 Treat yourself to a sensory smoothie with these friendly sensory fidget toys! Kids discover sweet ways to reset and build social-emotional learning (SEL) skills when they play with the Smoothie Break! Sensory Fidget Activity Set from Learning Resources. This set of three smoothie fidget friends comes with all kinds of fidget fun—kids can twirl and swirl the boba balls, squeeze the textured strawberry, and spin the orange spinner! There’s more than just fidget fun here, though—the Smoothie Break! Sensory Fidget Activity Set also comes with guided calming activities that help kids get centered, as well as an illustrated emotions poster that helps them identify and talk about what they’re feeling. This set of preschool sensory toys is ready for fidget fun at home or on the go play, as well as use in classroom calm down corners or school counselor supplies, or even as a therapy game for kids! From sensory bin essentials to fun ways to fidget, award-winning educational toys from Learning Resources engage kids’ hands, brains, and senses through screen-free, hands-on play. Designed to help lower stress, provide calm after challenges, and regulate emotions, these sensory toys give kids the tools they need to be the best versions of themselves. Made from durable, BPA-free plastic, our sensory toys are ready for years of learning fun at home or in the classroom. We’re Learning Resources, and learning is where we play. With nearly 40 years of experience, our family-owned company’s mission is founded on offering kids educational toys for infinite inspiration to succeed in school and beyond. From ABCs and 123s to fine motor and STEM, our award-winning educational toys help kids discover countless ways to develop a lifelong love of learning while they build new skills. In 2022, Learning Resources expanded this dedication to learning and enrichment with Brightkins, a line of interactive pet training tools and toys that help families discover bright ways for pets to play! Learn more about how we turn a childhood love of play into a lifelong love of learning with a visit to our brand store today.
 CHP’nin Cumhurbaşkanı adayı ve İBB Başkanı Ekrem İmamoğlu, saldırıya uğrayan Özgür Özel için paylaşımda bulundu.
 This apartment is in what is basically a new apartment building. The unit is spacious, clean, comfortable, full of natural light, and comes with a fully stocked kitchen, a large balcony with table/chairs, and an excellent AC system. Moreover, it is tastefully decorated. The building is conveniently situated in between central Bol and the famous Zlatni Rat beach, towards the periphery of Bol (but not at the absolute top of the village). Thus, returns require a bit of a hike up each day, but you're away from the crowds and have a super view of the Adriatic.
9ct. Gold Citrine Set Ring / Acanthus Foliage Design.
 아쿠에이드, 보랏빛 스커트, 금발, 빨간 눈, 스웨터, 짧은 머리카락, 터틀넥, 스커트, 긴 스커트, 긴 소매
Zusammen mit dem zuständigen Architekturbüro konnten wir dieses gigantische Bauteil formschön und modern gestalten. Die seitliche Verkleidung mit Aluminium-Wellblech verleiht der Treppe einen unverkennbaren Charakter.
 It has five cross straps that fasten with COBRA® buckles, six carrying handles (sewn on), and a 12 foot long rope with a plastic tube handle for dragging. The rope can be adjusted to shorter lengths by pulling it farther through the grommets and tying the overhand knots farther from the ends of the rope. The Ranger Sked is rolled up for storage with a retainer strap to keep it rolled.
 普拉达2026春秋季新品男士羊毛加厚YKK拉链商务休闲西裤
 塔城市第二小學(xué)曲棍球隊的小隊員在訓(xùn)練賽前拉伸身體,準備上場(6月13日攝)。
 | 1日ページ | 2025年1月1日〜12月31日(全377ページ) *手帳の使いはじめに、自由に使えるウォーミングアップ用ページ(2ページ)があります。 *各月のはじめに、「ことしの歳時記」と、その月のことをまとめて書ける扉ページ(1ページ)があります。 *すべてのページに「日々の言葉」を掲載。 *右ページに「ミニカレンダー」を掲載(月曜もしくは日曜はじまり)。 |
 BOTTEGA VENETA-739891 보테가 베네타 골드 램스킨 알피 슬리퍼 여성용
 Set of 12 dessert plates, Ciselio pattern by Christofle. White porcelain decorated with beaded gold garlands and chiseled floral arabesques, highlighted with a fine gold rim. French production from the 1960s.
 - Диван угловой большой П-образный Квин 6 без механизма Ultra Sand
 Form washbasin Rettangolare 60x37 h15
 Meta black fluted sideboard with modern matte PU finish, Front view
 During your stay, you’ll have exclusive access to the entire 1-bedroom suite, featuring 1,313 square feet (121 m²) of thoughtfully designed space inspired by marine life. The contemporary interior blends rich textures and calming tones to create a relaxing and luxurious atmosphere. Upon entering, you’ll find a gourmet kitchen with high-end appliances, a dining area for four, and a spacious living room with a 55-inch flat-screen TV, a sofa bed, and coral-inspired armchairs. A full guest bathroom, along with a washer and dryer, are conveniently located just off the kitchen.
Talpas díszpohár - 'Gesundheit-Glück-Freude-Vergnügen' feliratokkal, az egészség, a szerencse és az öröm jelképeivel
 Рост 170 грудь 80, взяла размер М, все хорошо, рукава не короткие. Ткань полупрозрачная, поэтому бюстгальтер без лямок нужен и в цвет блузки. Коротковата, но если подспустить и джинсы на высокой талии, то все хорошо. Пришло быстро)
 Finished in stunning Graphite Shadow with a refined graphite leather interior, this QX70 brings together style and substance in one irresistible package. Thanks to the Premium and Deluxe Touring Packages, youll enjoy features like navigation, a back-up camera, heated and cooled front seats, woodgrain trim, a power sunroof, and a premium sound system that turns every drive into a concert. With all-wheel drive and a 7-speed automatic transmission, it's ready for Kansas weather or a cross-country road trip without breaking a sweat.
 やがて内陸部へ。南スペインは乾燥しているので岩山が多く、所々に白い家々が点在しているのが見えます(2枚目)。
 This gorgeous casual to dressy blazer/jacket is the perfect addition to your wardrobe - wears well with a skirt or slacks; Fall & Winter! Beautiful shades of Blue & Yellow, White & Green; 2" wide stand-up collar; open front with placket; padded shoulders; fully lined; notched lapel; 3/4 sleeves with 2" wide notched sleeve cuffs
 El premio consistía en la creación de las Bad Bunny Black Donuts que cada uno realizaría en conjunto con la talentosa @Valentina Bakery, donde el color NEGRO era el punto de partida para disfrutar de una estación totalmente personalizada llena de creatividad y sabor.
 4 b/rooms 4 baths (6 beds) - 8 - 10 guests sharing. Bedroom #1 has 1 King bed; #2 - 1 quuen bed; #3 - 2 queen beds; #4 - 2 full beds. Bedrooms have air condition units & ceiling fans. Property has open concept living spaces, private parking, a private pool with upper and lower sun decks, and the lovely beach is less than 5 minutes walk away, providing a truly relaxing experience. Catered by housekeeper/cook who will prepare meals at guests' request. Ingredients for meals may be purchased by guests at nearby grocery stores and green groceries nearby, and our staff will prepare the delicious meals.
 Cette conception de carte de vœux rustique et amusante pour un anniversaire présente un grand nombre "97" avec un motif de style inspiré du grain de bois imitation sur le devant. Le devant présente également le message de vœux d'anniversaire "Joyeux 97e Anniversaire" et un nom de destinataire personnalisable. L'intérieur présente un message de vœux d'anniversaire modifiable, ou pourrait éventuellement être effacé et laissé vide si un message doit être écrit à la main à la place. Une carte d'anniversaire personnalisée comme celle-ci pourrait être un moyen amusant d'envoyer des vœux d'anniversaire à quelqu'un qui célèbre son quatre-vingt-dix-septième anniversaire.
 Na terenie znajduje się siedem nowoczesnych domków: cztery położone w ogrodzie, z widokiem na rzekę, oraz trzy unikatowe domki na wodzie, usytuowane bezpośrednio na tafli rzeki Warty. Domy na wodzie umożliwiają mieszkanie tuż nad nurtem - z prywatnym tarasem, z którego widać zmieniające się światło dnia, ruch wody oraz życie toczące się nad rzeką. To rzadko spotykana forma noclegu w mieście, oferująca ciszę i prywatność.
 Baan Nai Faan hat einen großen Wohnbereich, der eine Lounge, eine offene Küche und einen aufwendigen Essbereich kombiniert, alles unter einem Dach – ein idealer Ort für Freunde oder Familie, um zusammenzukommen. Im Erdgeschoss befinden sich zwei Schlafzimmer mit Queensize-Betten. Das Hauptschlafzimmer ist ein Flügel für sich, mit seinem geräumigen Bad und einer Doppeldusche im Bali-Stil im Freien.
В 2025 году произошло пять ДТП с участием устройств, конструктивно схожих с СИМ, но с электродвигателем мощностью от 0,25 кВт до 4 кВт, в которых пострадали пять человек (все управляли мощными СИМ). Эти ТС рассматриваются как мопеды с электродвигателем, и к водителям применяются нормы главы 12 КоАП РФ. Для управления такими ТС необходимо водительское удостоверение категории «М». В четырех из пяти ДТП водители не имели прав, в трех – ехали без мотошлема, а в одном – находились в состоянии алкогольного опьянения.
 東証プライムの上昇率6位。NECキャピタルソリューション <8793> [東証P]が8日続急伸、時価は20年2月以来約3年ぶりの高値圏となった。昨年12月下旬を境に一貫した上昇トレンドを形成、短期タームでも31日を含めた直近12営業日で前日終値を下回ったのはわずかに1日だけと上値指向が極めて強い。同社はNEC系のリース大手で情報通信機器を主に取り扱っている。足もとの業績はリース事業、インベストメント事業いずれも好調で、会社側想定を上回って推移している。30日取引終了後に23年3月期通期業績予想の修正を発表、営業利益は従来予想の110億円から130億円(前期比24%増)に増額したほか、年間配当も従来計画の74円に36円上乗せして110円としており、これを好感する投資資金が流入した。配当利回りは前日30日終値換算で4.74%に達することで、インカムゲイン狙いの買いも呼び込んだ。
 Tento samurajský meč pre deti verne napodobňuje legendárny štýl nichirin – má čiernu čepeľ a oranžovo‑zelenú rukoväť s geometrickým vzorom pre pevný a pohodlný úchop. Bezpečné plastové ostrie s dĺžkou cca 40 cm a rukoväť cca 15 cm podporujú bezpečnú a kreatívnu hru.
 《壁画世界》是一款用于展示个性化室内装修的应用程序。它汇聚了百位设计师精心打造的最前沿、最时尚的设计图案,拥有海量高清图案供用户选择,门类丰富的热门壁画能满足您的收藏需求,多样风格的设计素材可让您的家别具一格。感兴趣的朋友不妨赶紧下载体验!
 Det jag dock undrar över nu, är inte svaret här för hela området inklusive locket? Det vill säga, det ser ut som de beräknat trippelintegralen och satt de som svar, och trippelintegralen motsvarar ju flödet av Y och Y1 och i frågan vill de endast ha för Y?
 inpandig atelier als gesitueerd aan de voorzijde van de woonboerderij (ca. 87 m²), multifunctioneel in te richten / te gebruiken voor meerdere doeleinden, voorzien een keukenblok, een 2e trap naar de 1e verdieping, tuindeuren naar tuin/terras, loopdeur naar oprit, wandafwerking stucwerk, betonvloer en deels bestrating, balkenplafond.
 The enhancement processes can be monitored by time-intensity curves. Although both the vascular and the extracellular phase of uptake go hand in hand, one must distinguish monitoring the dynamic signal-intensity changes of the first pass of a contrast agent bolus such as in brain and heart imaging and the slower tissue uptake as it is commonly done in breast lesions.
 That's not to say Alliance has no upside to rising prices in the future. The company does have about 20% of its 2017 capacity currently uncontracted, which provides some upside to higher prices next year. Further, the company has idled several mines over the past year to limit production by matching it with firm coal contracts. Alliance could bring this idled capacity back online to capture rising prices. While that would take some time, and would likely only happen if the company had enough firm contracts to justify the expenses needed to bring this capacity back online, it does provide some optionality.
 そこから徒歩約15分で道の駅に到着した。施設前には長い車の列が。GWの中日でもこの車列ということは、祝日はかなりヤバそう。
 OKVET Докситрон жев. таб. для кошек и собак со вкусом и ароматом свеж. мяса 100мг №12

########################################

### Work instructions
Output the number of lines in the records above that contain the string "White", and no other text.

### Response to this exercise
2